BAKED APPLE SAUCE.—
Core very nicely as many fine juicy apples as will fill a large baking-pan. All coring of apples should be done with a tin cover. This you can buy at a tinman's for a quarter dollar, and it is invaluable for the purpose. After coring the apples, pare them smooth and evenly. Put a large table-spoonful of cold water in the bottom of the baking-pan, and then put in the apples first, filling, with fine brown sugar, the hole from whence the core was taken out. To have them very nice, add some grated lemon-peel, or some rose-water. Set the pan into an oven, (not too hot,) close the oven, and bake till the apples are all broken and can be easily mashed. This way of making apple sauce, by baking in a close oven, will be found far superior to boiling or stewing them. They require no more water than is barely sufficient to give them a start at the bottom.
The flavoring (sugar, lemon, or rose,) may be deferred till the apples are baked, taken out of the oven and mashed. Then mix it in while hot.

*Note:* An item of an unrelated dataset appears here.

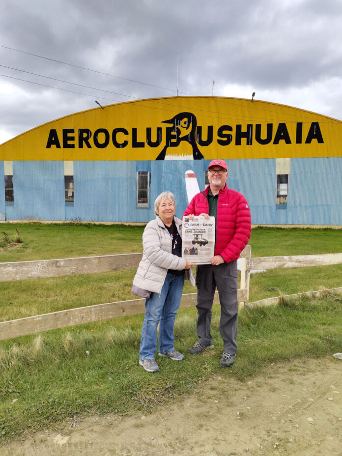 Chris and Rose Gobeli brought Farm and Dairy along when they visited Ushuaia, Argentina/Patagonia in South America. (Submitted photo)

Boiled apple sauce is usually spoiled with too much water, rendering it the consistence of thin pap, weak, washy, and mean.
GOOSEBERRY SAUCE.—
Get fine full-grown green gooseberries. Pick them over, and top and tail them. Wash them in a cullender or sieve through two waters. Put them into an enameled stew-pan, with only the water remaining on them after washing, and no sugar till after they are stewed to a mash, and taken from the fire. Then while hot, stir in brown sugar enough to make them very sweet. Serve them up cold. For company, before they are sweetened, press them through a sieve, using only the pulp. Then add the sugar; and mould the whole in a form.